• **EXCERPTED RECORDS**
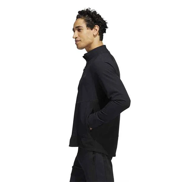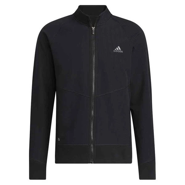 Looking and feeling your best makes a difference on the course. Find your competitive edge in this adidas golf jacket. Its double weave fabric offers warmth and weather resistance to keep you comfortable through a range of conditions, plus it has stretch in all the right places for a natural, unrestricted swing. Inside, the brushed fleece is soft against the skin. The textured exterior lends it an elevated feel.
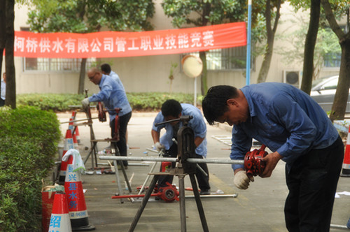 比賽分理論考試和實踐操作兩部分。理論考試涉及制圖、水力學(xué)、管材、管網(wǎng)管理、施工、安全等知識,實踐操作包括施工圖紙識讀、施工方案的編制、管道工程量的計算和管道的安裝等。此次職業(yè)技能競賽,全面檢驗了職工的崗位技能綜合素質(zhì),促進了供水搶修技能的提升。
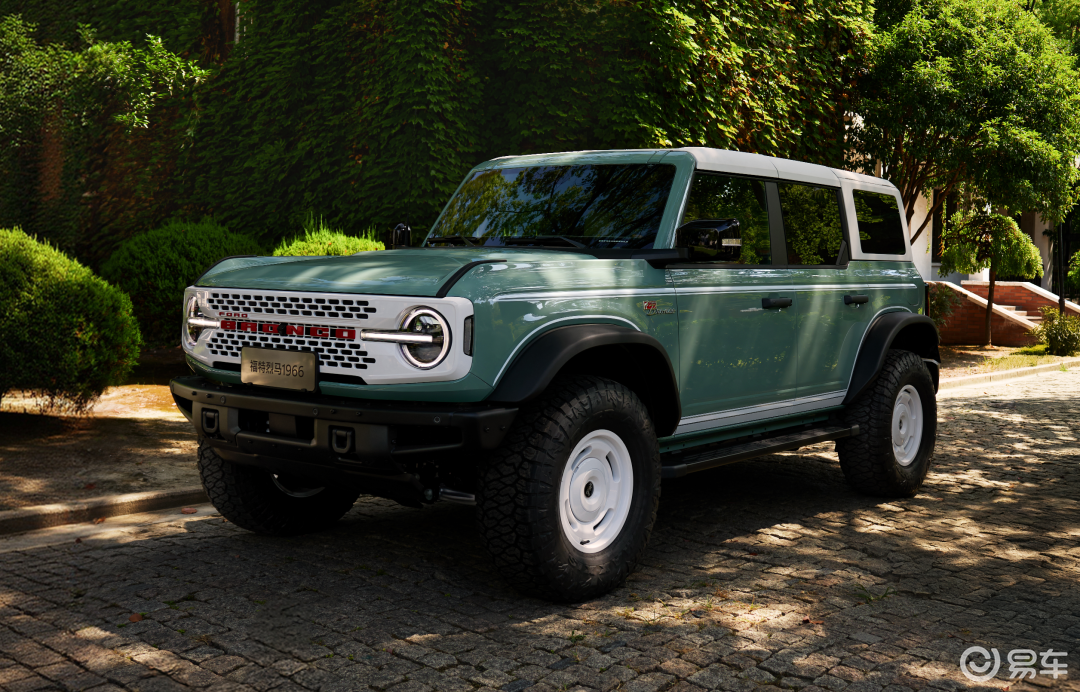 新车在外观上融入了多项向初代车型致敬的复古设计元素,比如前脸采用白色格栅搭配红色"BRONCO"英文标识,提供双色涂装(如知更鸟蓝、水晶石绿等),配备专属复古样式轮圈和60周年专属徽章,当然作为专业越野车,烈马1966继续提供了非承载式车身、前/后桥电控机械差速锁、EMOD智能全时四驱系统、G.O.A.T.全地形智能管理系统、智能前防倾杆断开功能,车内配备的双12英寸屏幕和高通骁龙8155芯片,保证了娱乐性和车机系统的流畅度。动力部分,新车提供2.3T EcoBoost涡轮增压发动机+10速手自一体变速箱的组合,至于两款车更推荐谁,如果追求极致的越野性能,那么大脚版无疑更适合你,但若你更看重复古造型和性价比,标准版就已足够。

---

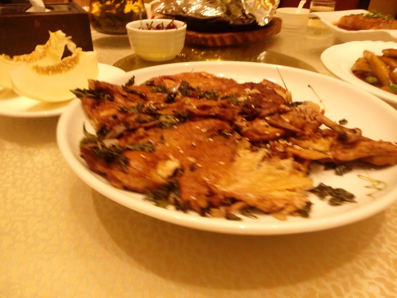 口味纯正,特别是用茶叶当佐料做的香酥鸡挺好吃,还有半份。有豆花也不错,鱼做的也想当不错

---

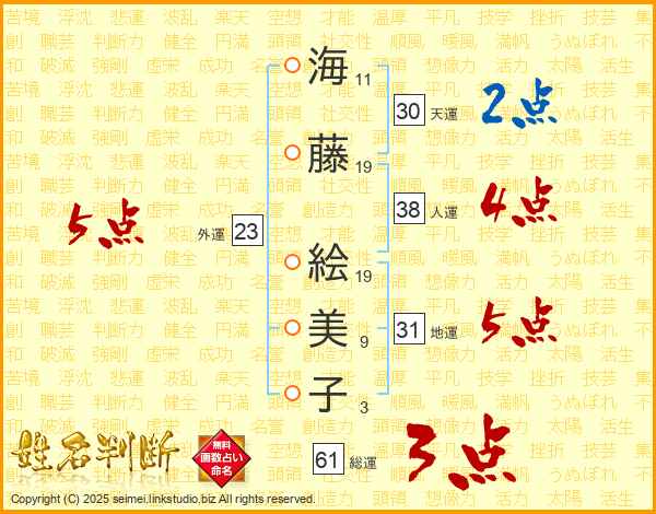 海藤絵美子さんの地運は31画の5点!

• **WHAT TO PRODUCE**
The reply should hold exactly the lines above, starting at the line with "比賽分理論考試和實踐操作兩部" and ending at the line with "新车在外观上融入了多项向初代", and no pictures.

• **EXERCISE RESULT**
 比賽分理論考試和實踐操作兩部分。理論考試涉及制圖、水力學(xué)、管材、管網(wǎng)管理、施工、安全等知識,實踐操作包括施工圖紙識讀、施工方案的編制、管道工程量的計算和管道的安裝等。此次職業(yè)技能競賽,全面檢驗了職工的崗位技能綜合素質(zhì),促進了供水搶修技能的提升。
 新车在外观上融入了多项向初代车型致敬的复古设计元素,比如前脸采用白色格栅搭配红色"BRONCO"英文标识,提供双色涂装(如知更鸟蓝、水晶石绿等),配备专属复古样式轮圈和60周年专属徽章,当然作为专业越野车,烈马1966继续提供了非承载式车身、前/后桥电控机械差速锁、EMOD智能全时四驱系统、G.O.A.T.全地形智能管理系统、智能前防倾杆断开功能,车内配备的双12英寸屏幕和高通骁龙8155芯片,保证了娱乐性和车机系统的流畅度。动力部分,新车提供2.3T EcoBoost涡轮增压发动机+10速手自一体变速箱的组合,至于两款车更推荐谁,如果追求极致的越野性能,那么大脚版无疑更适合你,但若你更看重复古造型和性价比,标准版就已足够。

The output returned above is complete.